米軍の航空事故対応マニュアル「Technical Order 00-105E-9」から抜粋し、翻訳を行った物が本書になります。入手可能な最新版として、06年版(Rev.11)から抜粋して翻訳を行いました。


複合材料の危険性
3.5.b  事故機における複合材料の損傷

(1) 事故時の破片について


3.5a項では、複合材システム内の材料の種類と、部品が持つかもしれない様々な形態についての一般的な情報を示した。これは、損傷していない部品の識別に役立つだろう。しかし、損傷した破片がどのようなものかを判断するためには、さらなる情報が必要である。損傷した破片は、次のように分類される(サイズが大きいものから順に並べる)。

(a) 破片(FRAGMENTS)
積層板全体の断片や複合材の断片は、破片(FRAGMENTS)と呼ばれる。衝突によって生じた破片は、緊急対応の最中に、衝突クレーターの中、またはクレーターから少し離れた場所にある瓦礫の山の中で見つけることができる。破片は重量があるため、最初に地面に接触してから遠くへ移動することはない。(写真18、19)

写真18. 破片
写真19. 破片

(b) ストリップ
一枚のラミネート層はストリップと呼ばれる。複合材料は、損傷により、層が分離することがある。物理的な損傷から生じたストリップは、破断した端部を除いて繊維に樹脂が付着しており、元の複合材部分の近くで発見される。

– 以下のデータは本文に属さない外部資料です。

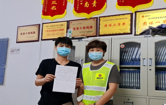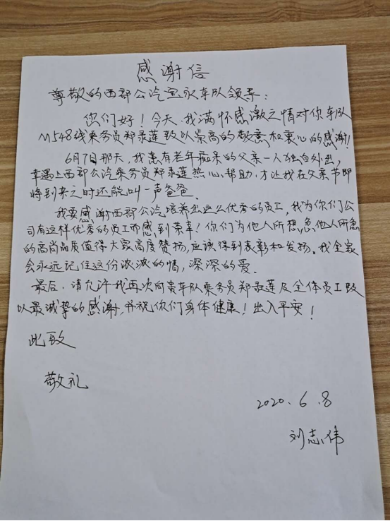 見圳客戶端·深圳新聞網(wǎng)2020年6月9日訊(深圳特區(qū)報(bào)記者 徐興東)6月9日早上,一位自稱劉先生的年輕人冒著滂沱大雨來到了西部公汽寶永車隊(duì)。一進(jìn)辦公室,劉先生雙手捧著將親筆寫的一封感謝信呈給了隊(duì)助張喜鳳,并深有感觸地說道:“多災(zāi)多難的父親有幸遇到乘務(wù)員鄭錄蓮的熱心幫助,并想方設(shè)法聯(lián)系上我。謝謝你們的成全,才讓我在父親節(jié)即將到來之時(shí)還能叫一聲爸爸,我將終生銘記諸位的大恩大德!”樸實(shí)無華的話語,感染了在場的每一個(gè)人,分明看出個(gè)個(gè)眼里都閃爍著晶瑩的喜悅淚花。
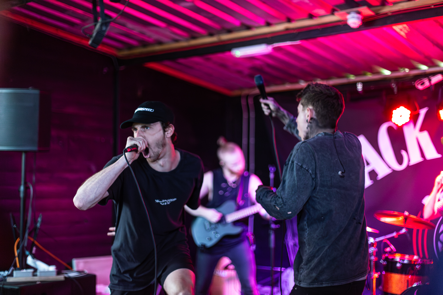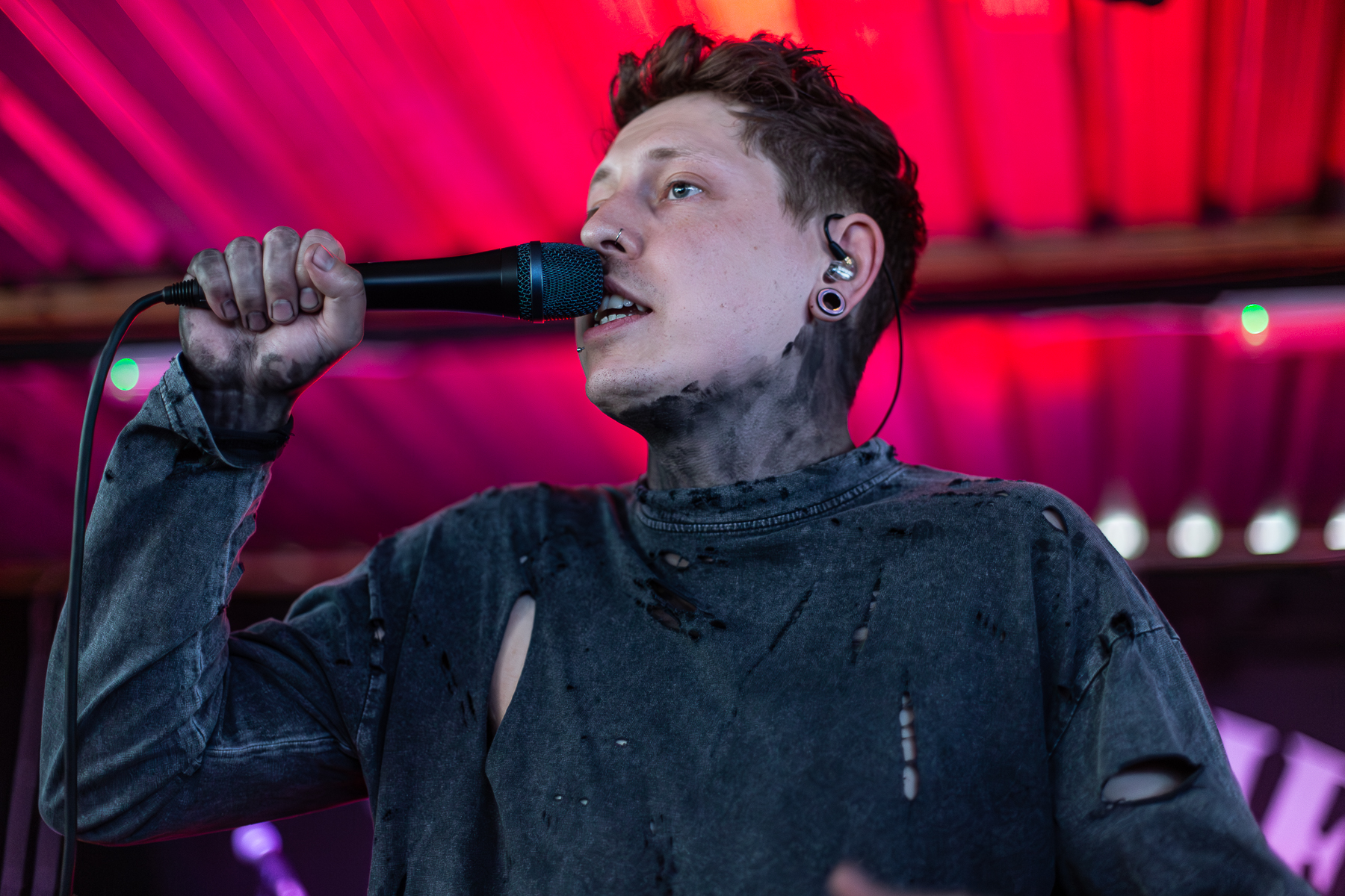 Manchester big hooks and bigger breakdown hardcore band Aleya takes to the stage after a small technical difficulty (would it be a festival without one), but that doesn’t stop them from bringing their high-powered set to the stage with jumps and audience anticipation of screaming back off when the lights go out. With our first mosh pit of the afternoon and joint onstage vocals from Blank, the festival

火災による損傷で分離した場合は、樹脂または炭化物が繊維をつなぎ合わせている。火災による剥離は、燃焼帯の内側と外側の両方に見られる。(写真20)

写真20. ストリップ - 単層

(c) 繊維の束
繊維の束は、物理的な損傷によってのみ生じる壊れた繊維/母材の断片である。複合材料が破断すると、繊維と母材が割れて、繊維/母材の破断部分ができる。割れは層内でも層間でも生じる。繊維は母材によって保持され、繊維の束となる。繊維の束は破断面やその付近(破片の表面や積層体内)で見られる。破断面の損傷が激しい場合は、その近辺に繊維の束が分散している。(写真21、22)

写真21. 繊維の束の顕微鏡写真
写真22. 大きな繊維の束

 (d) クラスター
クラスターは、火災にさらされた一方向性テープ又はフィラメントワウンド層から生成された数百又は数千の長い連続長繊維のことである。クラスターは、火災で加熱された時間が異なるため、ストリップと異なる状態である。クラスターには、繊維をつなぎとめる樹脂がほとんど残っていない。このため、繊維は自由に動きまわることができる。炭素繊維のクラスターは、黒い毛糸のようであり、髪の毛の塊のように見える。クラスターが発生した場合、クラスターは現場の周辺や燃焼区域の外側に分散していたり、ストリップに付着していたりすることがある。クラスターは空気中に残ることはない。(写真23)


写真23. 炭素繊維のクラスター

(e) 粉塵
損傷により複合粉塵が発生する。粉塵は、粉砕された、または破砕された樹脂および繊維の破片である。火災による損傷では、樹脂の炭化、劣化した繊維の粉塵、燃料の煤が発生する。微視的な寸法は各々異なっている。樹脂の炭や煤の粒子は球状になる。粉砕された樹脂や繊維、燃えた繊維から発生する粉塵は、不規則な形状をしている。損傷が激しいほど、ダストの発生量は多くなる。粉塵は、損傷した表面やその近辺に見られる。
 
(f) 単繊維
物理的な損傷により、繊維部分が母材から引き抜かれることがある。単繊維とは、空気中に浮遊するほど小さい繊維のことである。サイズによっては、空気中に浮遊する繊維は見えない場合がある。物理的な損傷によって生じた単繊維は、事故現場の空気中に浮遊する繊維の発生源にはならない。一方でJP-8の火災に巻き込まれた炭素繊維の一方向プリプレグテープは、空気中に浮遊する繊維の主な発生源となりえる。浮遊する繊維は焼けた破片のすぐ近くにとどまる。(写真24:訳者注:写真が不鮮明なため本書には不掲載)

(2) 物理的損傷 (省略)

(3) 火災による被害


(a) 熱及び火災の影響

火災を受けると、複合材料内の材料に物理的、化学的な変化が生じる。JP-8火災のような燃料火災は、2000°Fを超える非常に高い温度を発生させる。熱は各層に浸透するため、コーティングは焼け落ち、樹脂層は熱的、酸化的にダメージを受ける。熱によって、樹脂やプラスチックはどんどん小さな分子に分解され、炭化物と揮発性物質が発生する(例えるなら、原油を精製してより軽い等級の燃料油を得るようなもの)。揮発分が燃焼レベルに達すると、発炎燃焼が生じる。樹脂が繊維を密閉して支えることができなくなると、複合材料の層間が剥離する。固体の母材がなくなれば、層内や層間の繊維の間を空気が移動するようになる。樹脂のない繊維層は非常に軽く、火炎内の熱柱によって燃焼領域外へ表面層が吹き飛ばされることもある。繊維は分解するか溶融する。溶ける繊維はSpectra®とガラスである。ケブラー® と炭素繊維は酸化によるダメージを受け、分解される。ホウ素繊維の表面は酸化し、色が変化する。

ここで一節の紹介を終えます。